Is a solicitor dealing with the estate?
Is there a will?0 -
What the trustees of the family trust can do depends on the specifics of the trust. The person didn't lend the money, the trust did, and if they are a trustee they have to remember their legal duty to carry out the obligations of the trust. If they do not, the other beneficiaries of the trust will rightly be upset and may take action against them.
I expect that it'd be better to take the money back from the estate, if the estate has the money, then pay it out again to whoever they want to get the money.
Why is the loan technically repayable by the partner of the deceased? Was the partner a joint borrower with the deceased? Unless it was joint, with them actually having signed the loan agreement, then the partner has no legal liability at all for the loan. It'd be an obligation of the estate instead. The same applies to all other debts of the deceased, from mortgage to credit cards.
Be sure that you and all of those involved keep a very clear distinction between these legal entities, each of which has its own rights and obligations:
1. the estate (and any debts it's liable for).
2. the trust.
3. the trustees of the trust.
4. the executor(s) of any will, or whoever ends up as administrator.
5. the partner of the deceased.
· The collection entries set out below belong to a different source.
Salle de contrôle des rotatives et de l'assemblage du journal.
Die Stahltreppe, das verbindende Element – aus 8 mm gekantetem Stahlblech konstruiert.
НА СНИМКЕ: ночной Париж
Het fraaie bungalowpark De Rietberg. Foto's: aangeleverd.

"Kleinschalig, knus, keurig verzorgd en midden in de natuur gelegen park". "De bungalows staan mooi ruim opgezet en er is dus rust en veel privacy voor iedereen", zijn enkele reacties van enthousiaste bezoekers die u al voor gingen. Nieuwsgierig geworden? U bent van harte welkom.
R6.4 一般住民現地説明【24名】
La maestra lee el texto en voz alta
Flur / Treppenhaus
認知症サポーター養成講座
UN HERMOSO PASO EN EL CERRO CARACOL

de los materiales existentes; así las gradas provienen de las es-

If there is no will, the partner would normally inherit nothing at all. But may end up with partial control of money held in trust for the children.
6. the children of the deceased (who are likely to be the only beneficiaries of the estate if there is no will, given the absence of a legal wife, assuming that partner is not a legal civil partner)
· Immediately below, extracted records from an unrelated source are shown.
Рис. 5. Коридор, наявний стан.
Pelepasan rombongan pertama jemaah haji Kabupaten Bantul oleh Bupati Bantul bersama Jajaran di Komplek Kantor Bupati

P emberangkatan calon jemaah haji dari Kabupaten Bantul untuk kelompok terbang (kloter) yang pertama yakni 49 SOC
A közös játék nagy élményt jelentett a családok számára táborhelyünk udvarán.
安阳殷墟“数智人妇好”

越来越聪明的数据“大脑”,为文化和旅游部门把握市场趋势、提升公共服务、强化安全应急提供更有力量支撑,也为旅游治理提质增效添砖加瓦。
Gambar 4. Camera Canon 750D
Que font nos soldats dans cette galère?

7. any insurance, which is almost certainly written in trust and would normally be distributed outside the estate according to an expression of wishes made by the deceased in writing to the insurers. And that expression of wishes may need to be replaced by insurer trustee judgment if it didn't take into account the children.
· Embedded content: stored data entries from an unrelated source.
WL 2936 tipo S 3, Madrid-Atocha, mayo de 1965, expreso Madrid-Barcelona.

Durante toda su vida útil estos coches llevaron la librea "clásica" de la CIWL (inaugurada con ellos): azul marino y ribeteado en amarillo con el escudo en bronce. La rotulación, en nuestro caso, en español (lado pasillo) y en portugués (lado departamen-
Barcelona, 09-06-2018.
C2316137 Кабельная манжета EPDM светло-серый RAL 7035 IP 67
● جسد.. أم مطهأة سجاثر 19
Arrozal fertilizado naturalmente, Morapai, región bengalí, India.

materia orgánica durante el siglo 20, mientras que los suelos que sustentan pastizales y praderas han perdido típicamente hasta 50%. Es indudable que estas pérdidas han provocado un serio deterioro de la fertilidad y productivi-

8. any pension, which is very likely to have death benefits available that will be treated just like insurance.
Each of these has very specific rights and obligations and it's essential not to forget any of them.
If there was a will that didn't include the children, the children might well need to take action to protect their rights and seek some of the estate for themselves.
The partner can't be assumed to never remarry, so providing them with money isn't as effective as providing money in trust to the children. Sad stories of neglected children of first relationships after a second relationship has started abound, and without a trust to protect them the children may end up losing much of their proper inheritance. For this reason, the executor or administrator of the estate, if the will permits it, is likely to be advised to do this sort of thing.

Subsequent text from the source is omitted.